I startle, wiping my eyes of their tears and try to
look... what? Hard? I’m an eighteen-year-old girl that looks
more like a high school cheerleader, not a thug.

I look into the face of a woman double my age at
least, who’s leaning on her knee in the dark corner of the top
bunk. I hadn’t realized that there were three of us in here.

“My brother,” I say too quickly, opening
up too fast. I’ve seen the TV shows, I know these people aren’t
on my side. But I’m so scared, and I want so badly for someone
to tell me it’ll be okay, and she looks like she’s been
here before.

“I’m sorry for, uh, waking you,” I
say as I wipe the rest of my eyes.

“Don’t worry about it, kid. Missy-moo
beneath me here is what’s keeping me up. Ever since they got
rid of the drunk tank, this place has gone downhill.” She gives
me a wry sort of smile, half-cunning, half-genuineness. She reminds
me of one of the customers at the bar. Someone that time and life
hasn’t been kind to.

But I guess we’re both in lockup, so maybe life
hasn’t been kind to either of us.

“Oh, yeah,” I reply, as if I know, but
she must be able to see me better than I can see her.

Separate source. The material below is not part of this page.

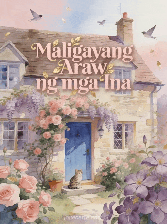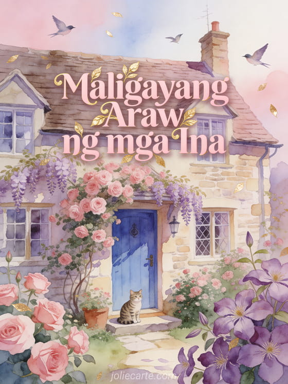 Ipagdiwang ang Araw ng mga Ina gamit ang magandang libreng greeting card na ito. Isang mainit na watercolor na ilustrasyon ng isang magandang English stone cottage na may asul na pinto, napapaligiran ng rosas at lila na clematis, na may isang adorable na tabby na pusa sa pintuan. Tuklasin din ang isang card na may mga larawan para sa Araw ng mga Ina, isang card na may mga larawan para sa nanay o isang floral card para sa Araw ng mga Ina.

“Your hands are shaking. First time here?”

I look down at my hands before pressing my palms to
the table. “Yeah,” I murmur, honesty spilling from my
lips once more.

She hops down from the bed, away from the puddle
beneath our roommate’s face, and joins me at the table.

“What’re you in for?”

“Vagrancy,” I reply with a sneer, another
sob striking my chest. “I just... I ran away, and the motel was
full, so I was just sleeping in my car in the parking lot. I didn’t
know there was anything wrong with it!”

Her mouth goes into a line, the remnants of her lip
liner still visible. Watery blue eyes and light colored lashes peer
at me. “That’s a tough break, kid.”

“Why, what are you here for?”

She shrugs as if it’s nothing. “Solicitation.”
She pauses, then continues without needing to, “Prostitution, I
mean.”

I look away. “Oh.” My nose crinkles
before I force my eyes back to hers. “Is this... is it your
first time for that?”

She shakes her head and looks, for a second, so sad.

“Third time’s a charm, right sweetheart?”
she says, and my heart breaks for her. I don’t know the charges
or the sentence she’s facing, but I can’t imagine it’s
going to be lenient.

“I’m sorry,” I murmur gently.

She shakes her head and gives me a flimsy smile. “It
happens. But when you’re desperate, you take risks you wouldn’t
otherwise,” she says as she raises her chin towards me. “So
what has you on the run?”

“My brother...”

“The same one that you’re begging to come
get you?”

I laugh, the sound pathetic and soft. “Yup.”

Her face is instantly hard, and she leans in, talking
more quietly. “Has he hurt you? Laid hands on you?”